A syndicated loan is one of the numerous funding options available for startups and funding is an important factor for running a startup, as funds are needed to help finance startup operations.
Syndicated loans are pulled together by a group of lenders providing a larger capital that otherwise would be high risk for a single lender. This loan type has complex structures that should be considered carefully.
There are both benefits and pitfalls for syndicated loans. Therefore, startups exploring this funding option should do so with financial guides from experts who clearly understand and explain the terms and conditions for getting the loan.
Some of the pitfalls of a syndicated loan for startups include but are not limited to the following:
Higher Costs and complexity
Startups should understand that syndicated loans have higher interest rates and take a lot to be serviced. It also involves a lot of intricate paperwork that needs careful evaluation by experts.
Rigid repayment terms
The payment plans for syndicated loans are not flexible, so there are no considerations if the startup revenue projections fail to pull through. It is required they follow the laid down terms in the book.

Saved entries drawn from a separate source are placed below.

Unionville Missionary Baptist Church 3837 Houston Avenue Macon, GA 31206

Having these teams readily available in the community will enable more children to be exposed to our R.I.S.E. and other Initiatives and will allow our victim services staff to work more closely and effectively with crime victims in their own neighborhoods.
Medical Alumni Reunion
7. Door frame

Credit and reputation risk
Credit risk is a risk all the parties involved in a syndicated loan take, the use of collaterals could help minimize this risk.

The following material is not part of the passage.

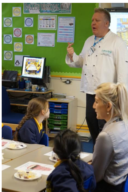
Caterlink teamed up with Christ Church C of E Primary School to discuss healthy eating!

For a startup, syndicated loans pose a reputation risk. It gives off a notion of not being good enough to secure funding and this can affect it in the long run.
However, if you believe your startup is worth it and deserves a shot at all costs, syndicated loans are still a very viable option. Here are some benefits you stand to enjoy.
Bigger Capital
Because this syndicated loan is a pool of resources, the capital generated is bigger than what a single investor can pull off comfortably and with more funds, there are more opportunities to explore growth paths for the startup.
Stability and Diversified risk
The syndicated loans have more stability, unlike the other funding options. The startup is less likely to run into the risk of default, as can happen when a sole investor is financing and has financial difficulties. In syndicated loans, if this occurs, the rest continues to fund the startup and the damage is minimized.
Creditworthy profile
As a startup accessing syndicated funds and following the repayments plan strictly can improve your reputation as a startup that is creditworthy, and this can come in handy when sourcing for future funds.
Bottomline
Syndicated loans give access to a network of diverse experts, who have resources, experience, and contacts that can help a startup.
This means a bigger support community and can go a long way to ensuring a startup’s success.
So when deciding whether to go for syndicated loans or not, consider the pitfalls and benefits, see if it still serves the purpose you have in mind, and consider your business goals as well as your financial projections and how well you have performed so far and also the startup’s risk tolerance.